Introduction

opencl logoIn this article I'll discuss about of the high performance that a graphic card or coprocessor give us. The peak of performance is quite higher than in CPU for parallel problems, so we can resolve the same problem with less energy. OpenCL C is the standard language to parallelize algorithms in GPU, so that if you want to achieve greatest results the code can turn to more complex. To illustrate this I'll to resolve in both devices a typical example in parallel programming, iterative PI calculation. The straightforward code in C++ is the next:

 

float pi_cpu(int niter) {
        float pi, x;
        const float h = 1.0 / (float) niter;
        pi = 0.0;
        for(int i=0; i<niter; i++) {
            x = h * ((float) i - 0.5);
            pi += 4.0 / (1.0 + x*x);
        }   
        return h * pi; 
}

Where n is the number of iterations and segments in which the area is divided. Therefore when n is big enough, the result is approximately PI.

 

Solving the problem

I have written two different kernels to resolve this problem on GPU platforms. None of them is the best solution, although they get better performance than CPU implementation. You can download full code from GitHub.

Common tasks in both kernels:

  • Compute a stride of the total iterations
  • Save the sum in shared memory
  • After kernel finish, CPU compute the sum of all elements of workgroups

On the first kernel, the thread whose local id is zero does the sum of the all elements in the array and then, saves the result in global memory. So we have a performance leak because only one thread per block is doing work in the reduction time.
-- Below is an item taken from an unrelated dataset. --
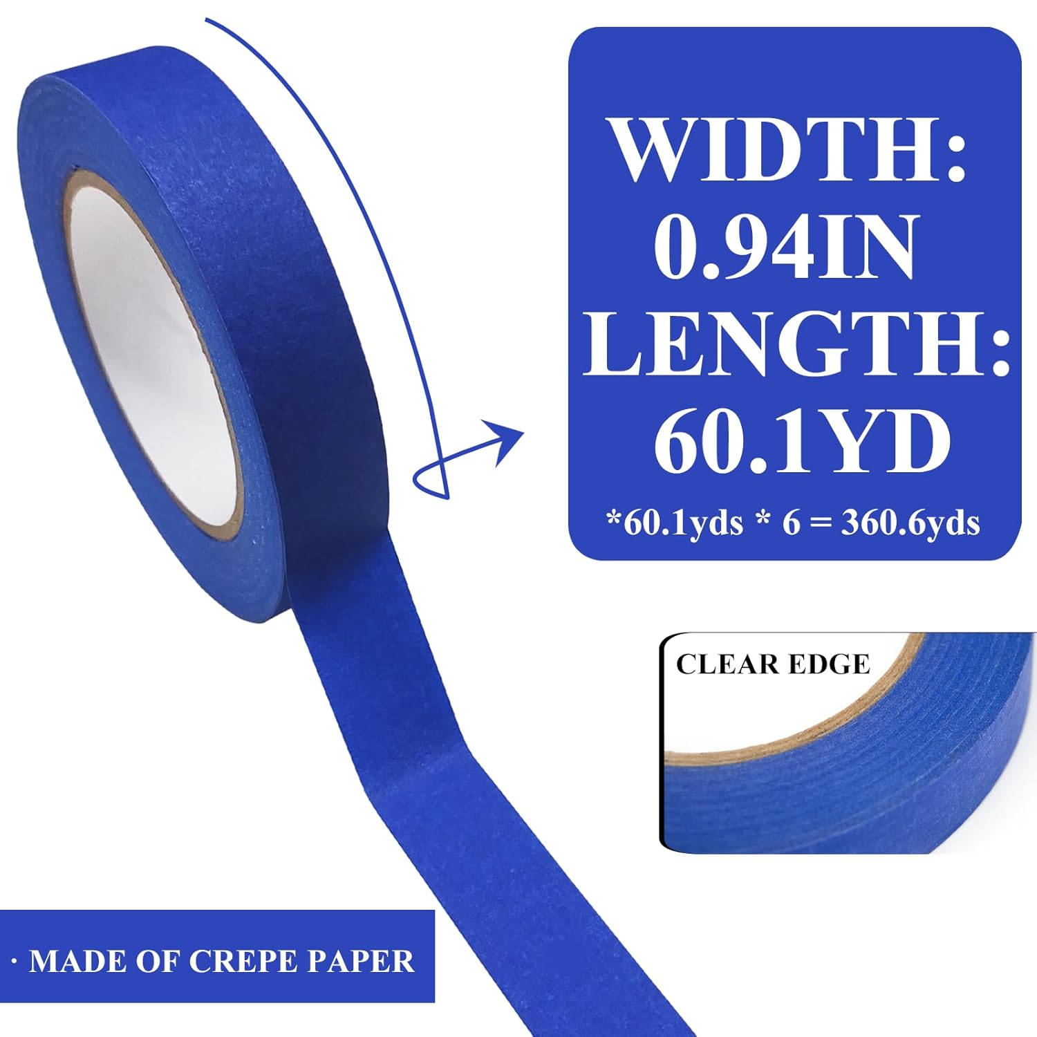 Masking Tape, Blue Tapes, Painters Tape, Artist Painter's Painting Paper Tape for Multi-Purpose Wall Paint, DIY Crafts, Scrapbook, Decoration, Labeling, Edge Finishing, 0.94IN x 60.1YD, 6 Rolls

The second one has a behavior some different. Each thread iterates log2(workgroup-size) times through a loop that performs a reduction operation of shared array among the block. It means that we have a performance leak too, because on the first iteration only workgroup-size/2 threads work together, on the second workgroup-size/4, on the third workgroup-size/8, etc.

 

Results

As you know, heterogeneous computing wins the challenge. My GPU device only has eight multi-processors with eight processor-units each, that is enough to show all the GPU power. Let's to show the timings. When we execute the program we can see something similiar to this:

execution

The output tell us how long has taken the calculation in both devices and what is the accuracy as well as device info and settings. Testing with different number of iterations:

Number of iterations

Kernel 2 Elapsed time in us

CPU Elapsed time in us

2⁹64=32768, chunksize=64

169

539

2¹⁰64=65536, chunksize=64

147

1118

2¹²64=262144, chunksize=64

151

4316

2¹³64=524288, chunksize=64

217

8944

2¹⁴64=1048576, chunksize=64

304

17723

 

Although with a graphic is more clear:

cpu-vs-gpu

 

To conclude, I tested the two kernels. The first one with a simple reduction and the second one with a logarithmic reduction that is not the best. The better implementation uses all hardware in every cycle.

Number of iterations

Kernel 1 Elapsed time in us

Kernel 2 Elapsed time in us

2²¹64=134217728, chunksize=64

28219

26252

2²²64=268435456, chunksize=64

56479

51758

2²³64=536870912, chunksize=64

112669

103251

2²⁴64=1073741824, chunksize=64

225098

206182

 

The respective graph:

k1vsk2

There are several methods to tune our codes, one of them is improving the reduction operations.